Suppose you have *n* friends that wants to give you an amount of money to help you buy a new smartphone. Each of them claims a value m_r that represent the max amount the friend *r* is willing to give you. The level of friendship you have with your friends can be classified as follow:

Your closer friends are at a distance of 1 from you.

Then there are friends at a distance of 2 from you, and so on, until the friend at distance *k* that are ones with you have a less strong friendship.

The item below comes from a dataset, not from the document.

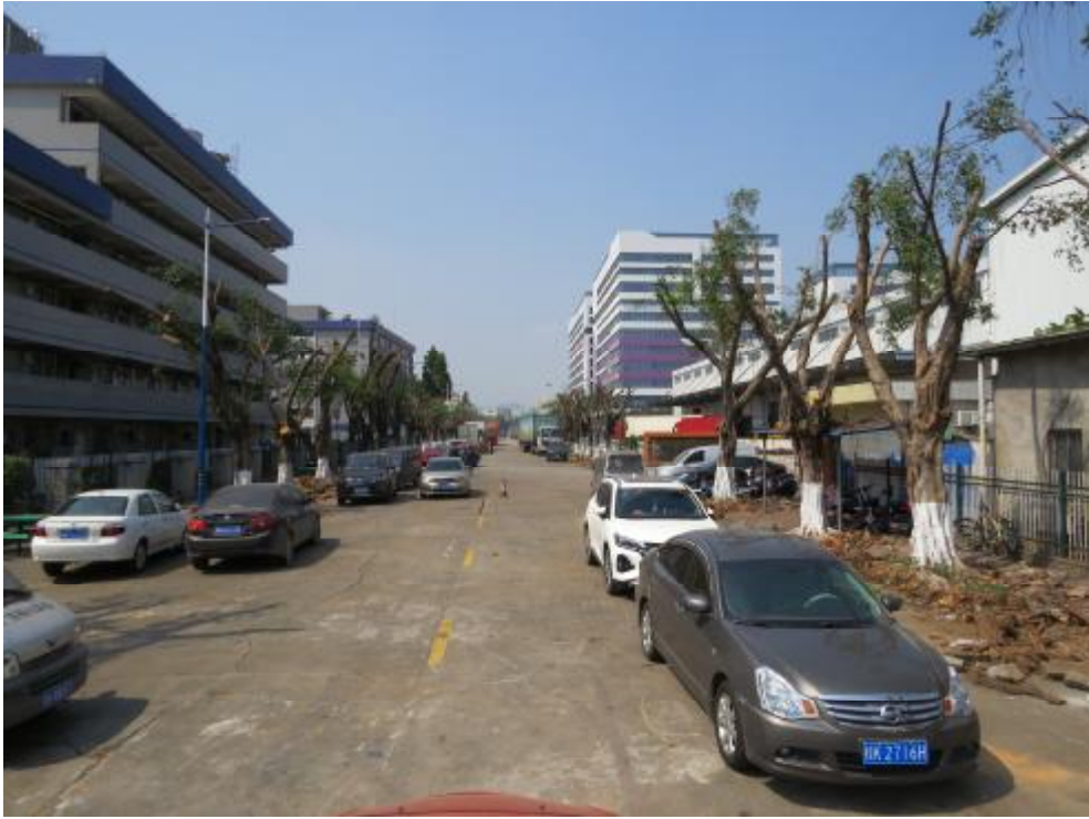
图 9 地块内现状（东-西）

You have to tell each of your friend an amount *g_r* that represent what you would like to receive from him/her. In order to be coherent with the friendship hierarchy you want to satisfy the following constraint:

Let say the friendship is measured in distance by the function *f(r)* one of your closest friend *r_1* is at a distance *f(r_1) = 1* and for another at distance 3, *r_2*, it is *f(r_2) = 3*, then you must not ask *r_3* an amount *g_3* > *g_1*.

In general for each pair of friends *r_i* and *r_j* if is the case that *f(r_i) < f(r_j)* then must also be *g_i >= g_j*. **For each friend *r* you can ask an amount *g_r > m_r* but in that case that friend will give you 0.** The goal is to calculate the amount to ask for each friend in order to maximaze the total amount received.

So at every distance, call layer there is an upperbound on how much you can ask someone, and that is the minimum request you did in the above layer. The reason why greedy method does not work is that could be the case the optimum total value is reached asking some one from layer 1 to k an amount greater than how much they are willing to give, getting 0 from that, but augmenting the upperbound so that you can ask a friend in layer k + 1 for a great amount ( if he/she can give you)

An example:

Layer 1 : 2000, 300, 300

Layer 2 : 2200, 400

The best optimum is reached if we ask every one at the first layer for 2000, and on the second layer 2000 and 400.